= Murchad mac Máele Dúin =

Murchad mac Máele Dúin (flourished 819–833) was a King of Ailech and head of the Cenél nEógain branch of the northern Uí Néill. He was the son of Máel Dúin mac Áedo Alláin (died 788), a previous king and grandson of Áed Allán (died 743), a high king of Ireland. He ruled from 819–823.

He succeeded to the throne of Ailech upon the death of his cousin, the high king Áed Oirdnide in 819. However the high kingship passed back to the Clann Cholmáin of the southern Ui Neill in the person of Conchobar mac Donnchada (died 833). Murchad meanwhile had to deal with a challenge for supremacy among the northern Ui Neill. In 819 he defeated Máel Bresail mac Murchada of the rival Cenél Conaill who was slain in the skirmish.

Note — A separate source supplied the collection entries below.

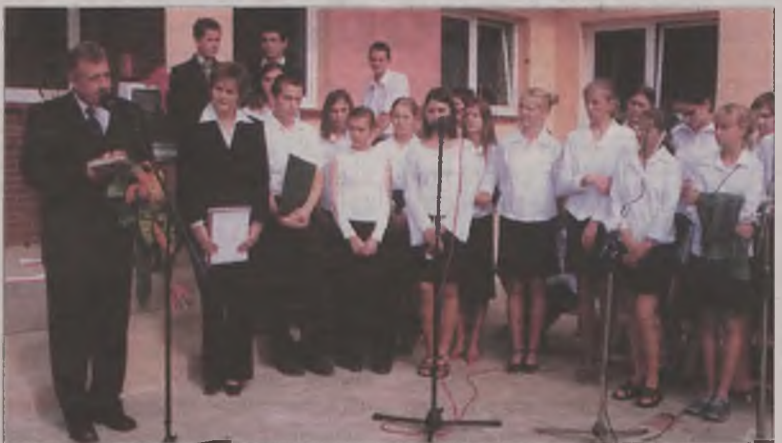
Gimnazjaliści z gm. Malanów wreszcie na swoim

Należałoby odnotować również to, że wśród uczestników uroczystości dominowały pochwały pod adresem samego obiektu, szczególnie jego przytulny nastrój i solidne wykonanie. A i nie na końcu (i słusznie) wymieniano trafną nad lokalizację szkoły.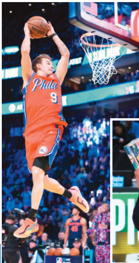
←76人小將麥克隆奪下NBA灌籃大賽冠軍。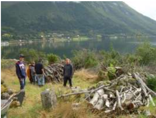
Gammal hagemark blir rydda for tre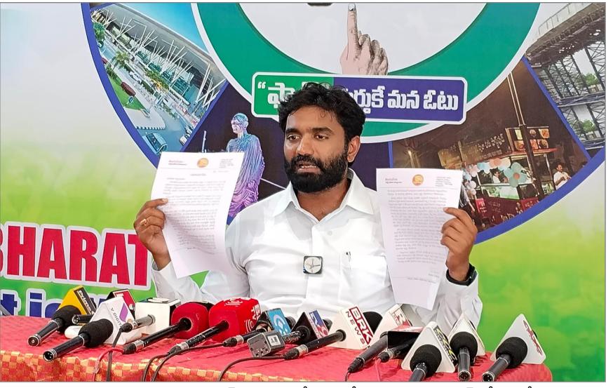
కమిషన్ ఉత్తర్వుల నేపథ్యంలో అవ్వతాతల పెన్షన్ కోసం రోజుల తరబడి నిరీక్షించాల్సి రావడం దురదృష్టకరం అన్నారు.

ఇప్పుడు వాలంటీర్ సేవలు టీడీపీకి తీవ్ర ఇబ్బంది కలిగిస్తున్నాయో అని ప్రశ్నించారు. వాలంటీర్లు అంటే చంద్రబాబు అండ్ కోకు కడుపు మంట అని.. ఇప్పుడు కడుపుమంట చల్లారిండా చంద్రబాబు అని ఎంపీ భరత్ ప్రశ్నించారు. సచివాలయ సిబ్బంది తదితర ఉద్యోగులు లబ్ధిదారుల ఇళ్లకు వెళ్లి ఇవ్వడానికి గత టీడీపీ హయాంలో పంపిణీ చేసినట్లు వెయ్యి రూపాయలు కాదన్నారు. రాష్ట్ర వ్యాప్తంగా 66.7 లక్షలమందికి పెన్షన్లు రూ.3 వేలు చొప్పున అందజేయాలన్నారు. వాలంటీర్లకు తప్ప పెన్షన్ లబ్ధిదారుల ఇళ్లు సచివాలయ సిబ్బందికి కూడా తెలియదన్నారు. ఒక్క రాజమండ్రి నగరంలోనే 32 వేలమందికి పైగా ఉన్నారన్నారు. వాలంటీర్ సేవలు వినియోగించకుండా పెన్షన్ల పంపిణీ కష్టమన్నారు. పెన్షన్ల పంపిణీ జరగకుండా అడ్డుకున్నది చంద్రబాబు అని, పైపెచ్చు రాష్ట్ర ప్రభుత్వంపై విషం విమర్శించారు ఎంపీ భరత్ మండిపడ్డారు. చంద్రబాబు కుట్రలు, కుతంత్రాలు ప్రజలు గమనిస్తూనే ఉన్నారన్నారు. మనసున్న నేత జగనన్న వృద్ధులు, దివ్యాంగులు అవస్థలు పడకుండానే ఉద్దేశ్యంతో లబ్ధిదారుల ఇళ్ల వద్దకి వాలంటీర్ల పెన్షన్ అందజేసే చక్కని సౌకర్యాన్ని కలగజేసారని చెప్పారు. గత టీడీపీ చంద్రబాబు హయాంలో ఎందరో గంటల తరబడి వరుసలో నిలబడి అక్షయశక్తులు పడి వెయ్యి రూపాయలు పెన్షన్ తీసుకుంటే, మళ్ళీ అంతే టీడీపీలో జన్మభూమి కమిటీ సభ్యులు వంద రెండు వందలు అవ్వతాతల వద్ద లాకౌన్ వారని అన్నారు. ఇప్పుడు అటువంటి పరిస్థితి లేదన్నారు. ఎంపీ భరత్ వచ్చి పైపెచ్చు అంటూ తీసుకోకుండా సేవాత్మకతతో విధులు నిర్వహిస్తూ ప్రజాభిమానం చూగగలగారన్నారు. ఇప్పుడు చంద్రబాబు ఫిర్యాదులకు ఎన్నికల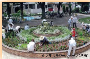
中之町フラワーウェーブ(堺市) (社)ランドスケープコンサルタンツ協会 関西支部長賞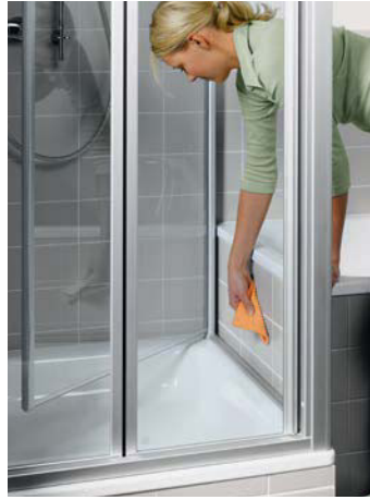
Drei patentierte bewegliche Seitenwände als Serienteil statt Maßanfertigung. Für problemlose Reinigung und optimale Entlüftung ganz oder teilweise nach innen schwenkbar.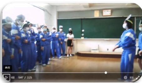
▲1-4 4組ストーリー 劇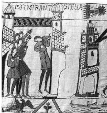
Komeet van Halley op Tapijt van Bayeux (1077) – Natuurfenomenen worden vaak als een voortekenen gezien: 'When beggars die there are no comets seen / The heavens themselves blaze forth the death of princes' (Shakespeare, Julius Ceasar). Natuurfenomenen kunnen door iedereen waargenomen worden en tot een collectief geloof in voortekenen leiden. In de brief aan Baling gaat het om een individuele verbeelding, die maar door één persoon waargenomen wordt. Het collectieve element ontbreekt.

Voortekenen zijn fenomenen van de waarneming, want ze komen tot ons via de zintuigen. Ze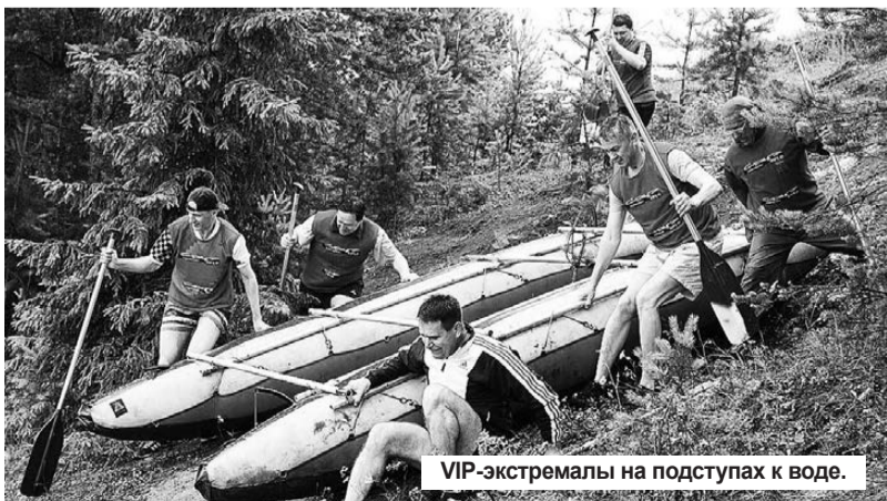
VIP-экстремалы на подступах к воде.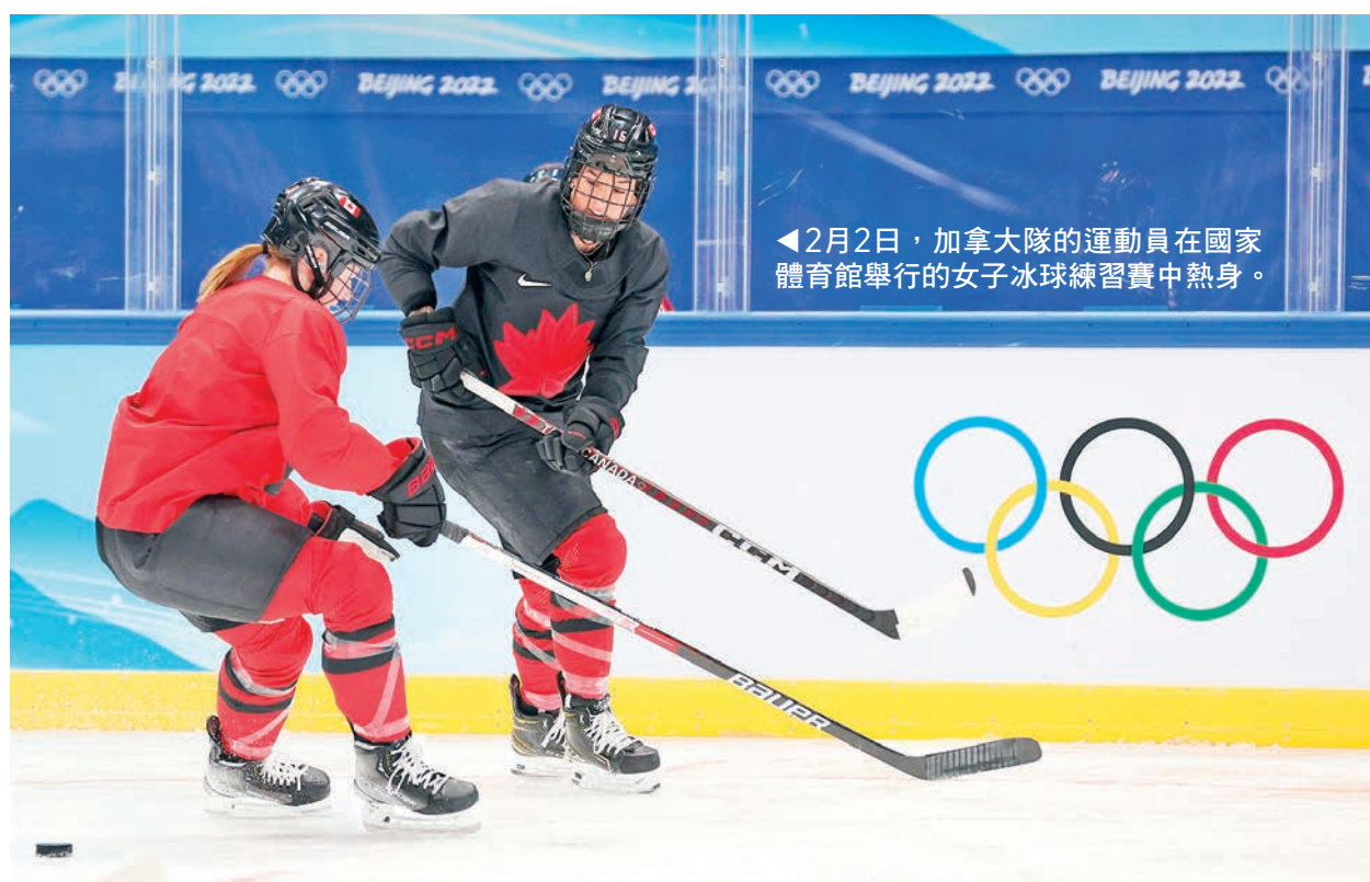
◀2月2日，加拿大隊的運動員在國家體育館舉行的女子冰球練習賽中熱身。

除此之外，主辦方給每一名運動員都準備了禮包，包括價值7999元人民幣（約1255美元）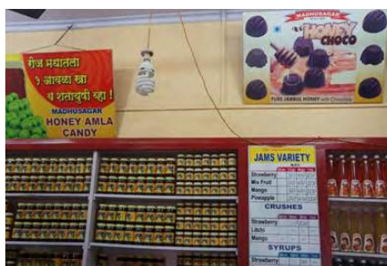
Pelbagai produk keluaran koperasi yang dihasilkan daripada madu

Selain itu, kami juga dimaklumkan bahawa 'The Satara DCCB' telah memenangi enam anugerah berturut-turut daripada Bank Pembangunan Pertanian dan Luar Bandar India kerana prestasi mereka.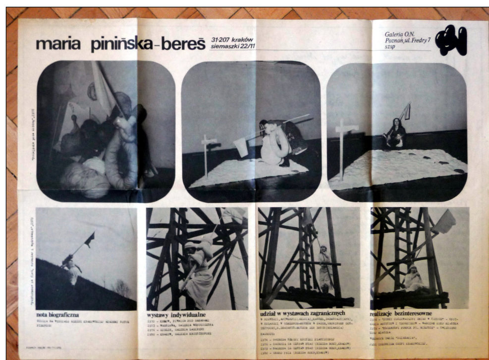
Maria Pinińska-Bereś Sztuka Kobiet, Galeria O.N, Posen, Ausstellungsplakat Vorderseite, 1980

https://wissenderkuenste.de/wp-content/uploads/2021/04/einschreiben_constanze_krueger.mp3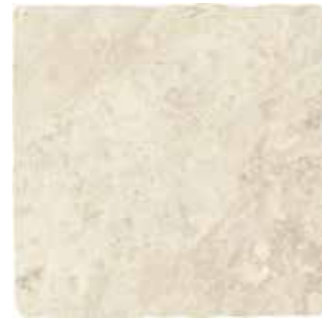
30x30 TRAVERTINE LIGHT 8011634607734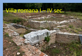
Villa romana I – IV sec.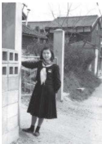
中学校卒業式の日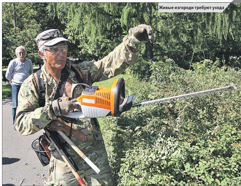
Живые изгороди требуют ухода

Живая изгородь из кизильника блестящего осе-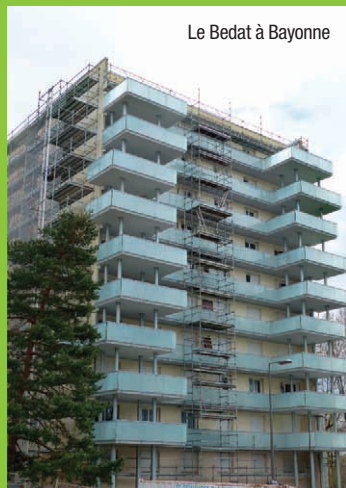
Le Bedat à Bayonne

Des travaux de ventilation avec création d'un système de VMC sont prévus pour cette année dans notre résidence de Mauléon. Une étude est en cours.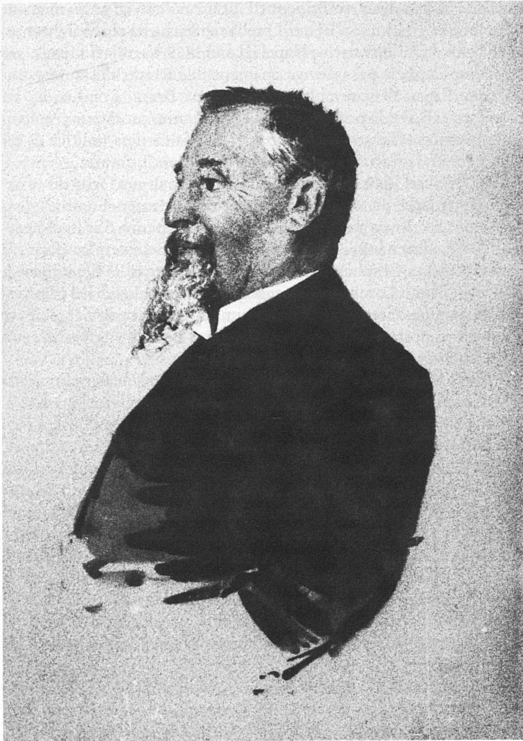
Mistral Bruno de Lombris * 1830-1908

In 820 Murchad made a bid for the high kingship and led a hosting of the northern Uí Néill to Druim ind Eich (near modern Dublin) while Conchobor with the southern Uí Néill and the Laigin moved northwards. However no battle ensued. In 822 Murchad made another bid for the high kingship and advanced with the men of the north to Ard Brecáin (County Meath). The men of Brega led by Diarmait mac Néill (died 826) of the Uí Chernaig sept of Síl nÁedo Sláine then went over secretly to Murchad and submitted to him at Druim Fergusa. Conchobor son of Donnchad invaded Brega and camped at Gualu. He invaded southern Brega again and a vast number of the men of southern Brega fell by him, and the Uí Chernaig submitted under compulsion. Murchad had Cumuscach son of Tuathal, king of Ard Ciannachta assassinated in 822 probably in retaliation for his failure.

In 823 Murchad's failures led to his deposition by his second cousin Niall Caille (died 846). Murchad seems to have accepted his fate and he is last heard of cooperating with Niall in routing out the Vikings in Daire Calgaig (Derry) in 833.

Murchad may have had a Norse wife and the genealogies name Erulb as his son which corresponds to old Norse Herulfr. Another son Ruadrí was father of Birn, ancestor of Clann Birn (or Muinter Birn) in the barony of Dungannon, County Tyrone.